C'est un DVD gravé, il ne peut rien changer....
DVD ----) poubelle
Recommencer la gravure....


----------



## garyde (11 Mars 2012)

Ok merci peux-tu juste me dire comment faire pour que ça marche s'il regrave pour éviter que ça fasse un de plus à la poubelle?

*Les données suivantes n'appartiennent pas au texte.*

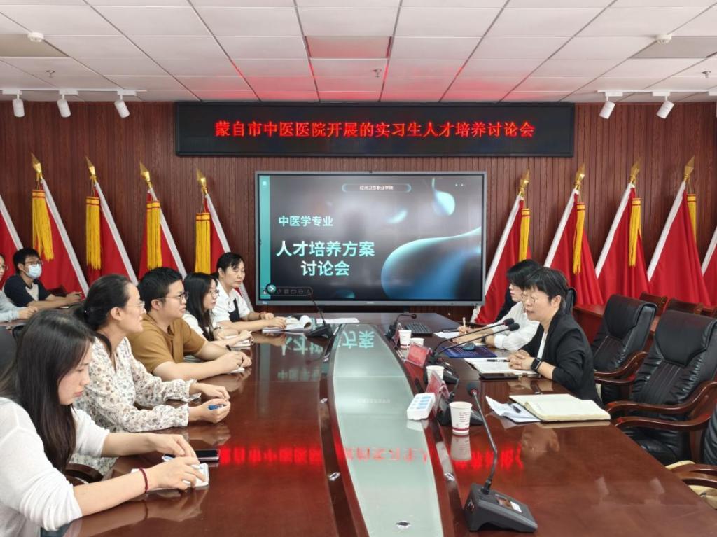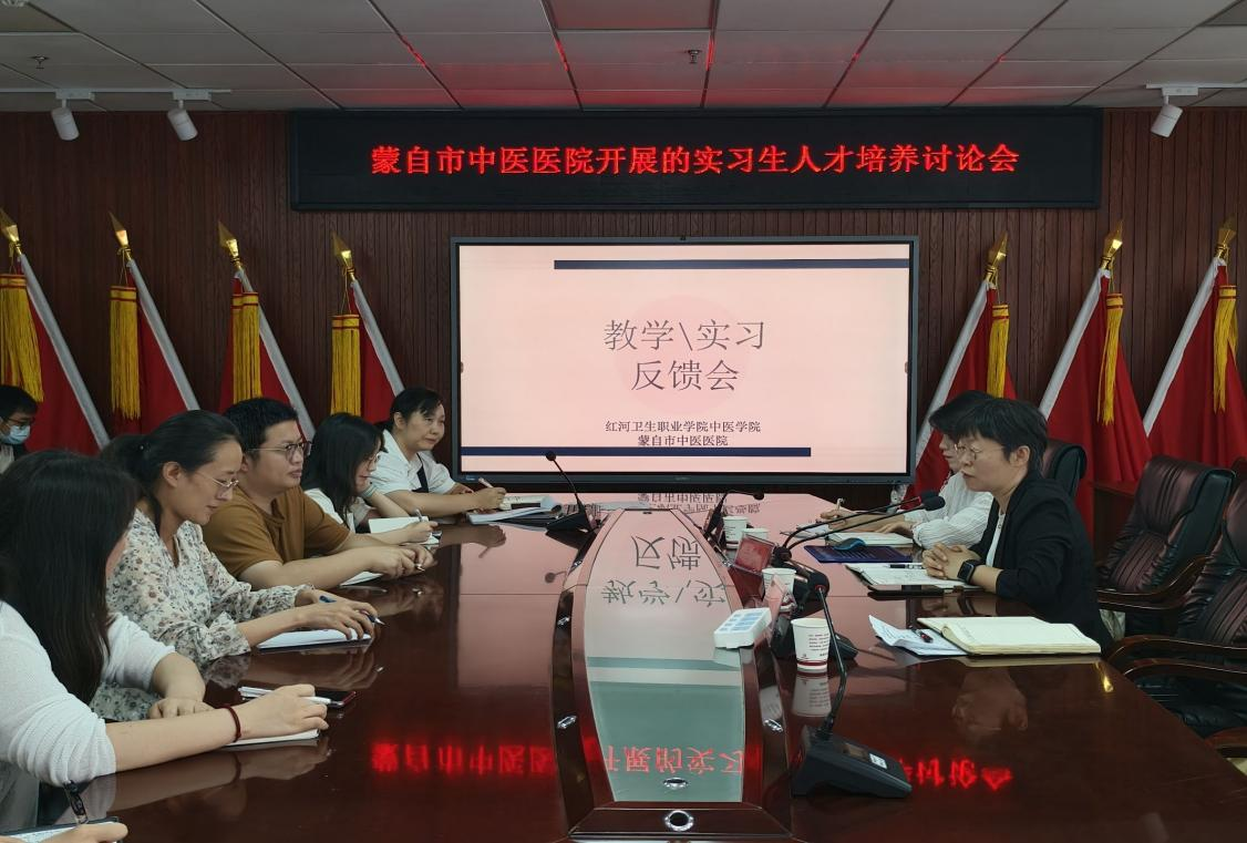 为进一步深化院校合作,提升人才培养质量,5月15日,红河卫生职业学院中医学院与蒙自市中医医院联合召开教学座谈会。中医学院院长王丕琦、副院长韩利等与蒙自市中医医院医务科主任王俊、各临床科室教学秘书及任课教师共同参会,围绕教学与临床实践展开深入交流。

---------- Nouveau message ajouté à 19h37 ---------- Le message précédent a été envoyé à 19h31 ----------

Est-ce le même problème que celui cité dans ce post?
Ca me paraît possible mais je ne comprends pas tout il y a trop de thermes techniques pour moi. Qu'en pensez-vous?


----------



## lappartien (11 Mars 2012)

ll a pas tort. C'est le plus simple. sert à rien de se prendre la tête heu:fectivement c'est un dvd)


----------



## garyde (11 Mars 2012)

http://forums.macg.co/mac-os-x/comment-lire-un-dvd-r-grave-sur-pc-87384.htmloups j'avais oublié le lien
et comment faire pour regraver sans que le problème réapparaisse? Je n'ai pas envie de gaspiller 50 dvd parce que c'est à chaque fois la même erreur^^


----------



## lappartien (11 Mars 2012)

normalement pas de précautions particulières à prendre. Mac dans osx est fait pour reconnaître et lire les fichiers pc.
Je prendrais la sage précaution toutefois de ne pas le bourrer jusqu'à la gueule.
J'aimerais que powerdom confirme, n'étant pas comme lui un accro du mac.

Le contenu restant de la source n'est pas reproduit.